Demand for NVIDIA Jetson Orin Nano Causes Backlog
High demand for NVIDIA's Jetson Orin Nano Super Developer Kit, a popular platform for edge AI applications in automotive and robotics, has created supply constraints. Current orders are reportedly backlogged into April. The growing waitlist highlights the platform's popularity and ongoing supply chain pressures for AI hardware.

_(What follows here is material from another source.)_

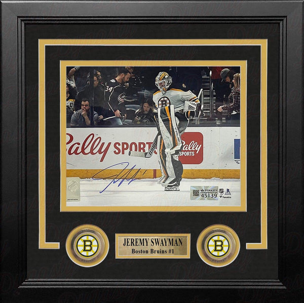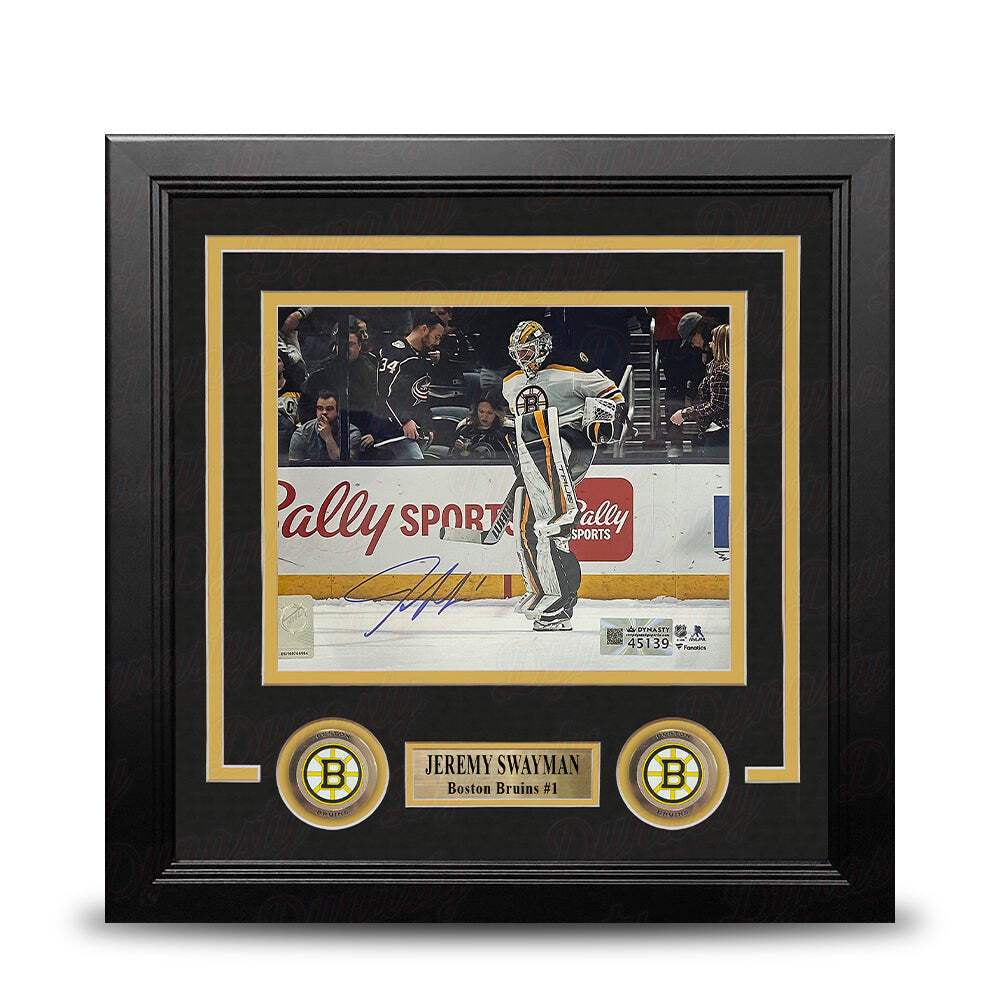 Jeremy Swayman Warming Up Boston Bruins Autographed 8" x 10" Framed Hockey Photo Signed picture of Bruins star goalie Jeremy Swayman; authenticated by Dynasty Sports during public autograph appearance This officially licensed photo has been signed by Boston Bruins star goalie Jeremy Swayman. It has been authenticated by Dynasty Sports during a public autograph experience on August 10, 2024. Hand-signed by Boston Bruins star goalie Jeremy Swayman Signature is bold and clear on the photo Authenticated by Dynasty Sports from public autograph event Framing is professional quality Framed 8" x 10" measures 13" x 16" Click here to purchase the the autographed photo only Custom framing options available - contact our storefront for information regarding customizing this in the frame and matting colors of your choice! Add a nameplate and team logo medallions! Please allow additional time for framing and shipping

- The Jetson Orin Nano module at the heart of the developer kit features a 6-core Arm Cortex-A78AE CPU and an NVIDIA Ampere architecture GPU with 1024 CUDA cores and 32 Tensor Cores. - A December 2024 software update rebranded the product as the "Jetson Orin Nano Super Developer Kit," boosting its AI performance from 40 trillion operations per second (TOPS) to 67 TOPS and increasing memory bandwidth to 102 GB/s. - Concurrent with the performance-boosting software update, NVIDIA reduced the price of the developer kit from $499 to $249, making it a more accessible platform for students and developers experimenting with generative AI at the edge. - The Orin Nano is the entry-level offering in NVIDIA's broader Jetson Orin platform, which scales up to the Jetson AGX Orin, a module capable of 275 TOPS for more demanding industrial and autonomous machine applications. - The developer kit's carrier board provides extensive connectivity for prototyping, including M.2 Key M and Key E slots, multiple USB 3.2 Gen2 ports, DisplayPort, and a 40-pin expansion header for connecting sensors and other peripherals. - Development on the platform utilizes NVIDIA's JetPack SDK, which bundles a Linux-based OS with the CUDA toolkit, TensorRT for optimizing AI model inference, and libraries for robotics (Isaac) and vision AI (Metropolis). - The supply constraints are part of a wider AI hardware shortage, as soaring demand for generative AI has strained global manufacturing capacity for essential components like GPUs, specialized processors, and high-bandwidth memory. - Alternative single-board computers for edge AI applications include devices based on the Rockchip RK3588 SoC, Google's Coral Dev Board which features a TPU, and platforms from Qualcomm.